Every Wednesday afternoon, KIPP Newark Collegiate Academy (NCA) senior Stephen Mertyl commutes from the school’s Littleton Avenue campus to his internship at Audible on Washington Street in downtown Newark. 

While many high school interns spend their time on coffee runs or organizing files, Mertyl is tackling complex problems. He’s hard at work creating a de-bug panel that will help the audiobook company’s iOS developers make changes to the codebase without publishing those changes directly to the app. As part of Audible’s Future Leaders program, he’s been assigned a manager, substantive projects, and receives coaching and feedback. 

“This internship is paid and offers me the opportunity to come back during college to gain experience and earn money over the summer,” said Mertyl, who added that his manager has helped him strategize the best internships to seek out during his college summers to broaden his skillset and help him stand out in a competitive technology workforce.

Stephen Mertyl, KIPP NCA class of 2024, presents his work project to colleagues at Audible. 

Mertyl is one of about 57 students enrolled in Tech Academy, a program at NCA that offers 10th- 12th-grade students career exposure designed to support their success in STEM fields post-graduation. Tech Academy’s program includes coursework in cybersecurity, and introductory and AP computer science classes that give participants the chance to graduate high school with valuable college credits, along with a First Robotics team and internship opportunities. 

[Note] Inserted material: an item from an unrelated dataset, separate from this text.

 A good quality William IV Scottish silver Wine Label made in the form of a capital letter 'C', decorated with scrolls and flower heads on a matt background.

(from left to right) Zanaya Meachem, Stephen Mertyl, and Semaj Shaw with KIPP Forward counselor Stephanie Rivera-Beltre. “From our first meetings with students, we are asking them about their interests and trying to line up opportunities that align with their passions,” said Rivera-Beltre

“Tech Academy is preparing students for jobs that might not even exist yet,” said Tech Academy department chair Harold Brown. “Whoever can think outside the box will come up with the best solution and I want our students to be in the room where those conversations are happening. Software development and cybersecurity are fast-growing fields that offer life-changing salaries even at an entry-level position,” he added. 

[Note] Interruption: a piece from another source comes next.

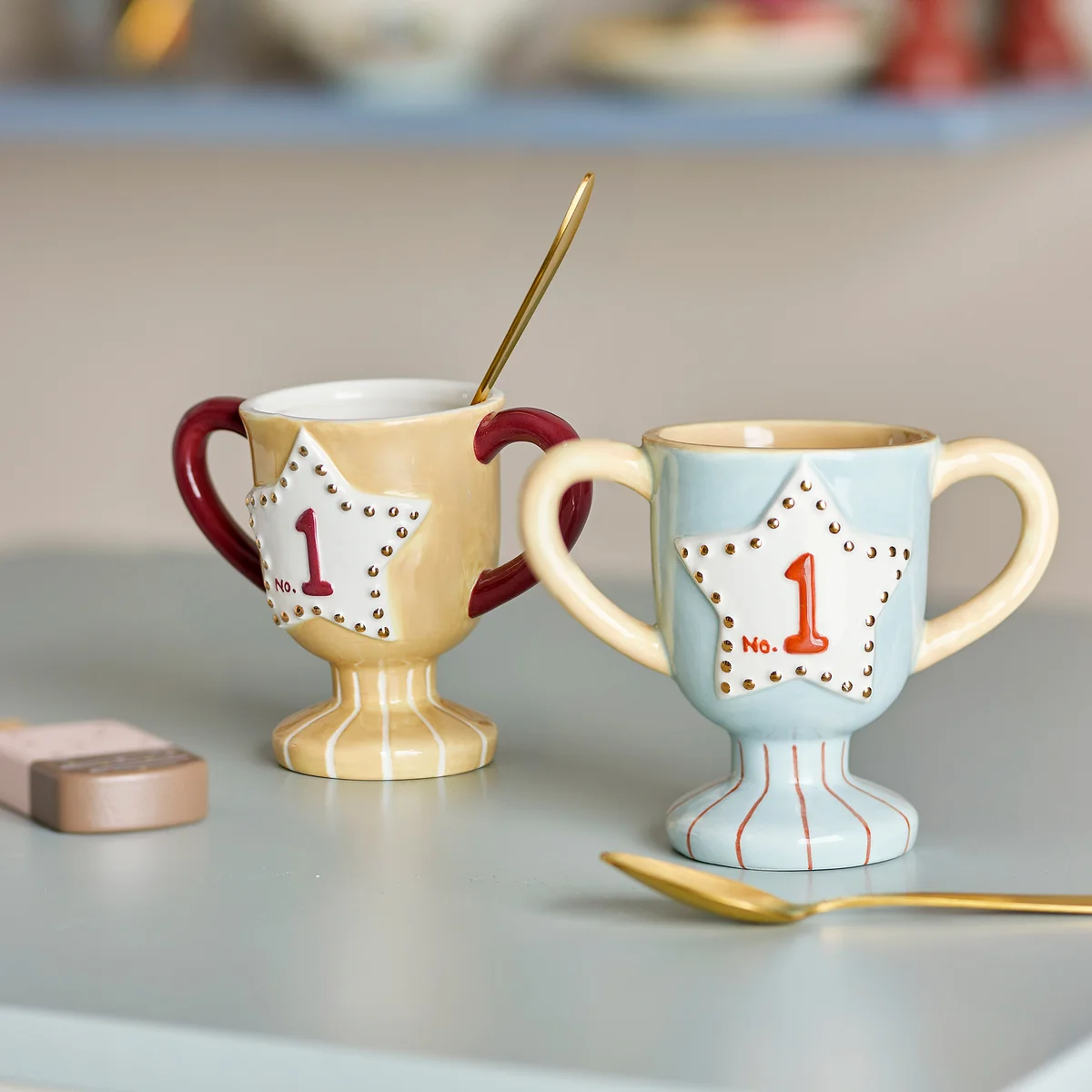 - Tasses en céramique peintes à la main au design de trophée

While Mertyl heads to an Audible internship, NCA senior Zanaya Meachem spends her afternoon at Newark’s University Hospital, shadowing a physician's assistant — setting up patient rooms and supporting the department with paperwork. Meachem is one of 22 students at NCA’s Healthcare Academy who volunteer at the hospital and gain exposure to healthcare careers. Her counselor, Stephanie Rivera-Beltre has supported her college search and steered her toward dual-degree college programs that will allow her to graduate in five years with a health sciences degree and become a physician's assistant.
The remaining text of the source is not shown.